Viola cunninghamii, also known as the white mountain viola, is a species of flowering plant within the genus Viola and family Violaceae. It is endemic to New Zealand.

== Description ==
Viola cunninghamii is a perennial herb known for its slender and branching rhizome. The plant forms a cluster of leaves in a tufted rosette pattern. The leaf blades are generally triangular-ovate to sub-orbicular, measuring between 10 and 20 mm in diameter. The edges of the leaves have slightly indistinct, crenate margins, and their stalks are longer than the blade itself.

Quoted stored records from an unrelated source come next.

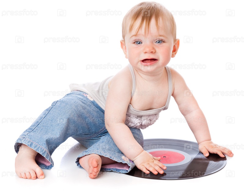 Маленький ребенок с виниловой пластинкой на белом фоне
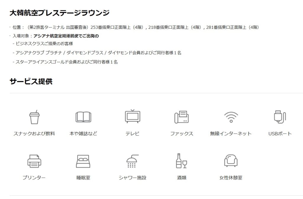 アシアナ航空便およびStar Allianceの運航による便のビジネスクラスの利用、スターアライアンスグループの上級会員のであれば、East・Central・Westのラウンジホッピングが可能です🎉
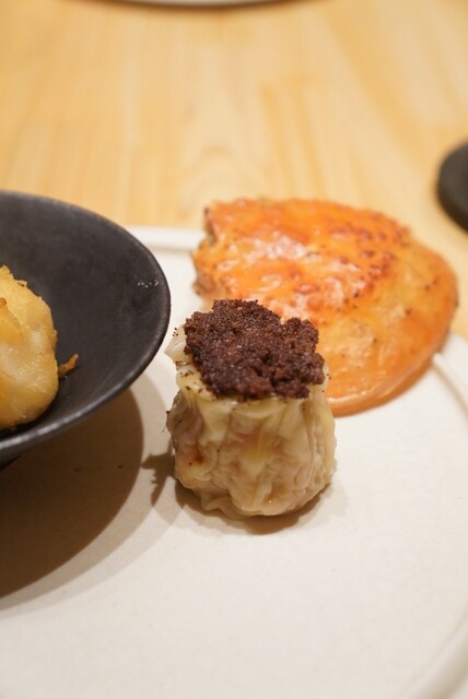 ②香箱ガニの焼売と白子のフリット
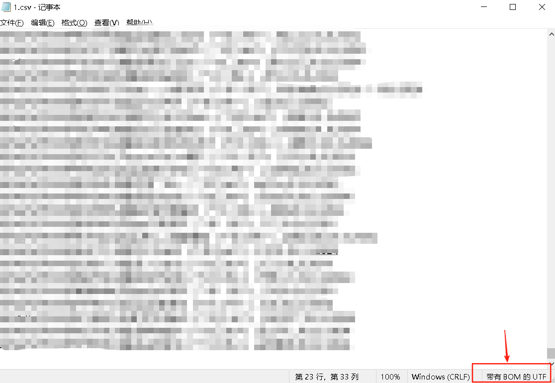 如果显示的不是带有BOM的UTF-8,需要将记事本打开的csv文件另存为编码为UTF-8,保存后再次打开右下角就会显示成带有BOM的UTF-8.
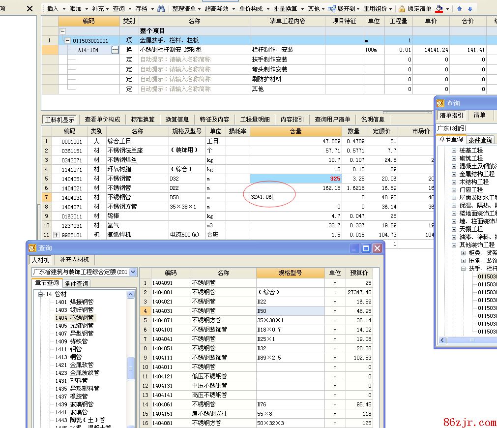 最佳答案应该说定额栏杆的质料含量是综合考虑的,因栏杆的形状也是五花八门,实际的质料用量与定额含量也会存在差别,且有时的差别不是很大的,定额也没有具体的调解或换算方法的规则,就目前市面对栏杆的计算,遇到这种情况通常的做法,是将设计管的量进行一下计算,有差别管材就分差别的计算出量,并乘上1.06(钢材的合理损耗),在套相应的定额子目的工料机中做一下调解,有超过子目范畴的管也插入后列入计算。 建筑问答网永远以提供国内外最新、最好、最快的造价专业资讯为目标 建筑问答网永远以提供国内外最新、最好、最快的造价专业资讯为目标
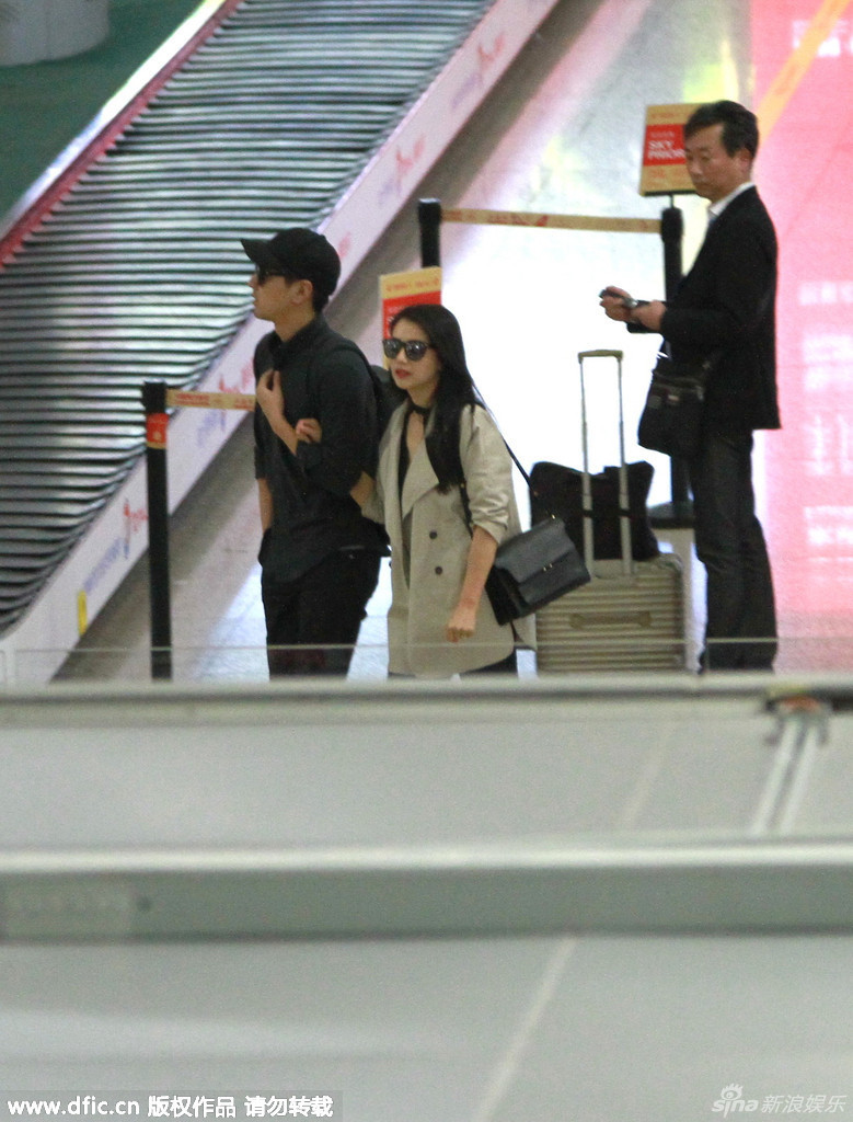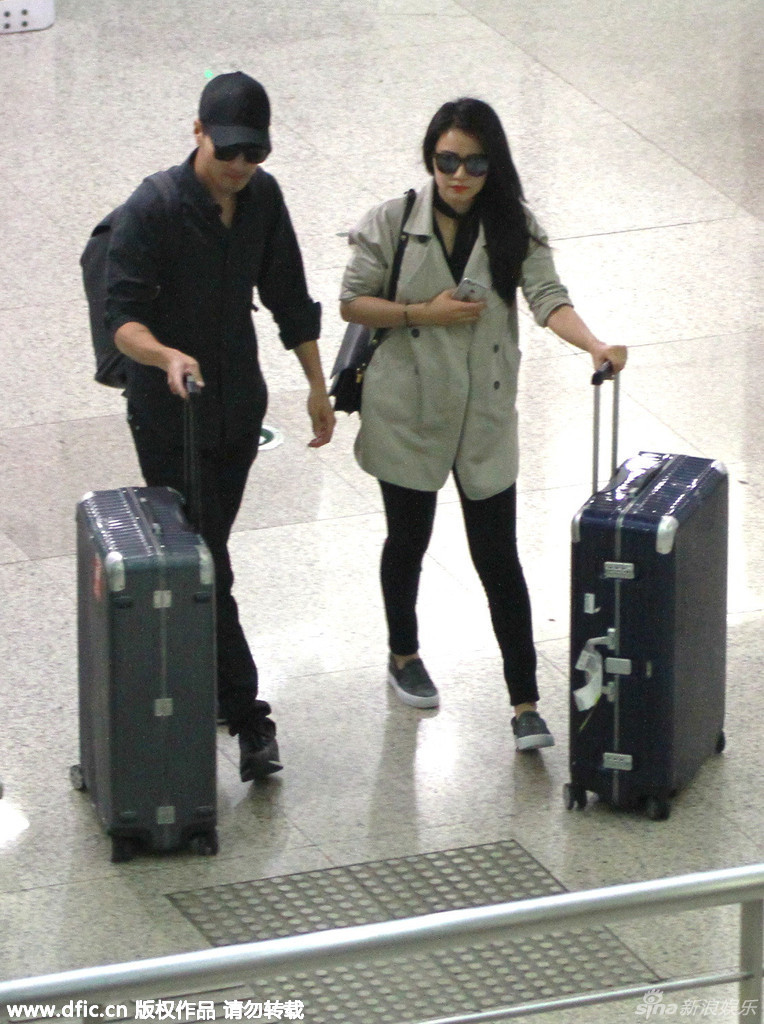 新浪娛樂訊 日前,高圓圓、趙又廷夫婦抵達浦東機場。兩人穿著黑白情侶裝墨鏡遮面,雖然低調但情意濃濃。高圓圓不時地挽著趙又廷的胳膊,讓周圍粉絲羨慕不已。
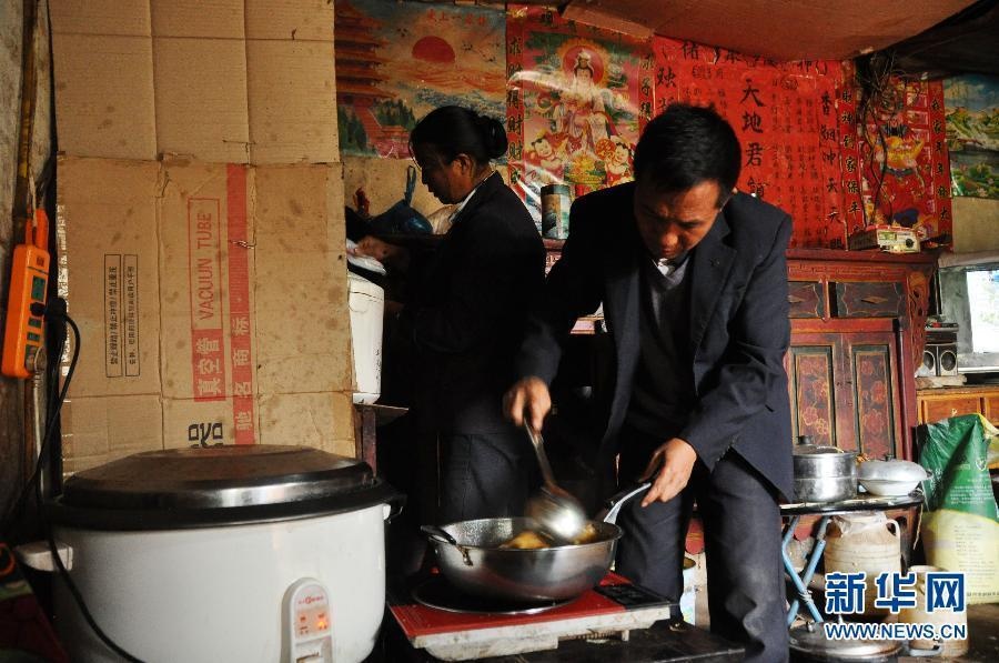 | Trong căn nhà nhỏ dưới chân núi, thầy Xie Bihua và vợ chuẩn bị thức ăn cho các học sinh. |

The flowers of Viola cunninghamii emerge singularly on elongated stalks that surpass the length of the leaves. These delicate flowers showcase shades of white or pale violet, with a length of about 6 to 10 mm. Notably, the rear petal of the flower features a short, blunt spur. The flowering period typically occurs between the months of November and February. The fruit of this herb takes the form of a capsule that splits open into three valves when matured. The species has a chromosome count of 2n = 48.

When distinguishing Viola cunninghamii from other Viola species in Tasmania, certain defining characteristics of this species can be identified. The presence of rhizomes distinguishes it as a rhizomatous species. Additionally, the spurred anterior petal, rather than just a pouched one, sets it apart. Furthermore, the leaves of Viola cunninghamii are rounded, contrasting with the lanceolate or oblong leaves found in other similar species.

== Distribution and habitat ==
Viola cunninghamii possesses a widespread Oceanic distribution, where it can be found in New Zealand, Tasmania and the Chatham Islands. The species inhabits elevated mountain habitats such as alpine herbfields, grasslands, and grassy heaths.